In our sample, the AE of TMJs in healthy children may be different than that in children with JIA. Assessment of an AE is a promising and noninvasive technique to determine involvement of TMJs in children with JIA.

摘要

目的

颞下颌关节(TMJ)的关节运动产生具有特定特征的声音,称为关节声发射(AE)。本研究旨在确定儿童特发性关节炎(JIA)患者的 TMJ 声发射(AE)是否与健康儿童的 AE 不同。

方法

研究人员实施了一项具有年龄和性别匹配对照的横断面研究,比较了 4 组的 AE:(1)无 TMJ 声音的健康受试者,(2)有 TMJ 声音的健康受试者,(3)无 TMJ 声音的 JIA 受试者,和(4)有 TMJ 声音的 JIA 受试者。预测变量为 JIA 状态(即 JIA/健康)和关节声音(存在/不存在)。结果变量为 AE。受试者佩戴专用耳机并进行特定的下颌运动,以产生 AE。使用聚合决策树分类模型记录和分析 AE,该模型为每个组计算关节健康评分(JHS)。使用接收者操作特征曲线和分类准确率比较 JHS。研究小组使用双侧非配对 t 检验确定得分分布是否不同。P<.05 表示差异具有统计学意义。

结果

共有 51 名受试者(102 个 TMJ;37 名女性)参与,平均年龄为 13.1 岁(范围为 7 至 18 岁)。

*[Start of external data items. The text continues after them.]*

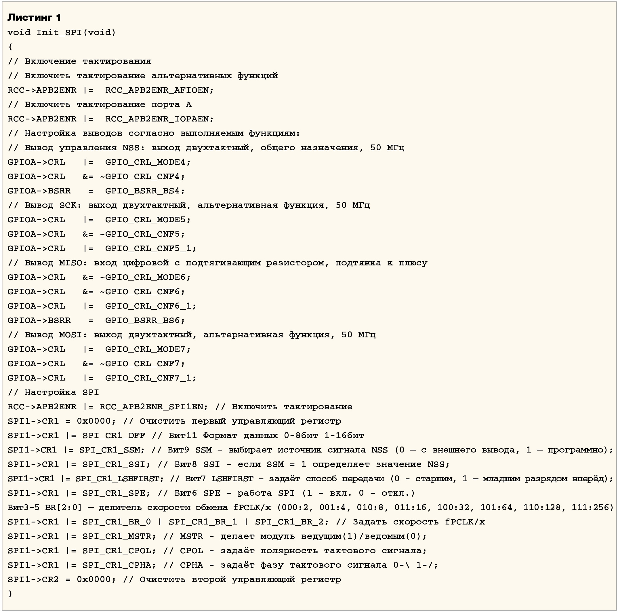 В листинге 1 приведена функция инициализации интерфейса SPI в соответствии с описанным выше алгоритмом.
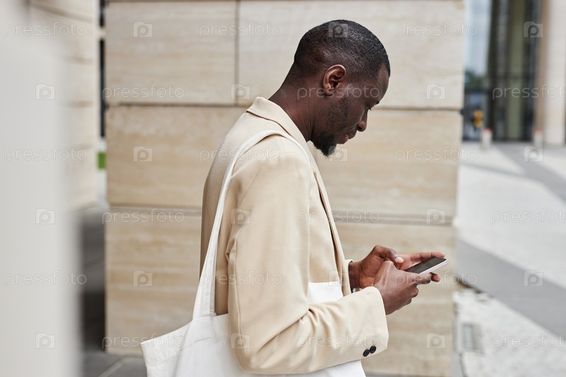 Афроамериканский менеджер-мужчина в белой формальной одежде отправляет сообщения на смартфоне
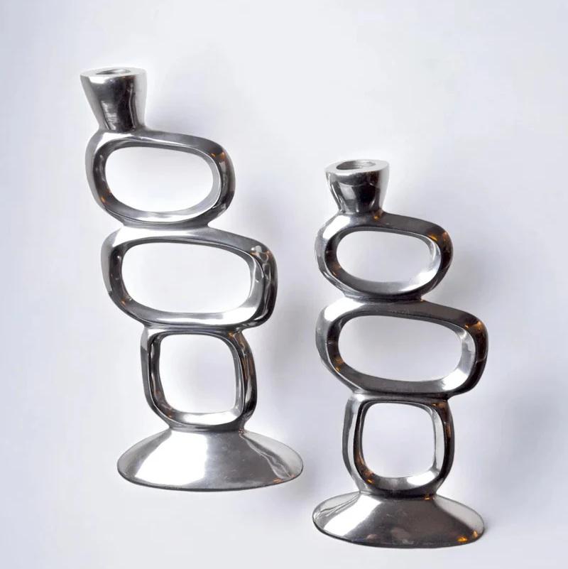 เชิงเทียนอะลูมิเนียมสีเงินดีไซน์วงกลมทันสมัยสำหรับตกแต่งบ้าน โรงแรม งานแต่งงาน
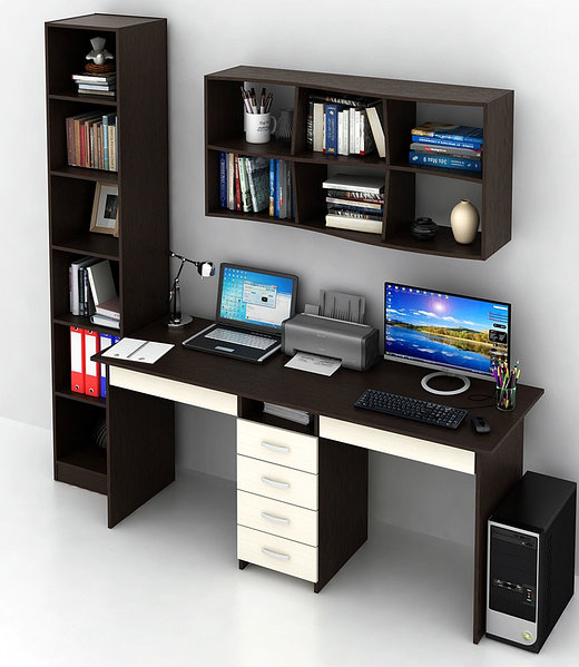 Стол один, а рабочих пространств два - это о модели компьютерного стола Тандем-2Я. За ним комфортно могут расположиться 2 человека, причем у каждого будет своя рабочая зона: зонирование осуществляется с помощью тумбы с 4 выдвижными ящиками, которая стоит посередине. Такая модель стола идеально подойдет как семьям с детьми, так и в офис.

有 TMJ 声音和 JIA 的儿童的 AE 具有大的重复咔哒声。无声音的 JIA 儿童的 AE 具有较小的重复咔哒声。健康儿童的 AE 声音为研磨声,幅度较低。接收者操作特征曲线的分类准确率为 71.6%。与将这些患者归入其组别的金标准临床评估相比,这一准确性(JIA 与健康)相当。有 TMJ 声音的儿童和有 TMJ 声音和 JIA 的儿童的 JHS 具有统计学意义(P<.0001)。

结论

在我们的样本中,健康儿童 TMJ 的 AE 可能与 JIA 儿童的 AE 不同。AE 的评估是一种有前途的非侵入性技术,可用于确定 JIA 儿童 TMJ 的受累情况。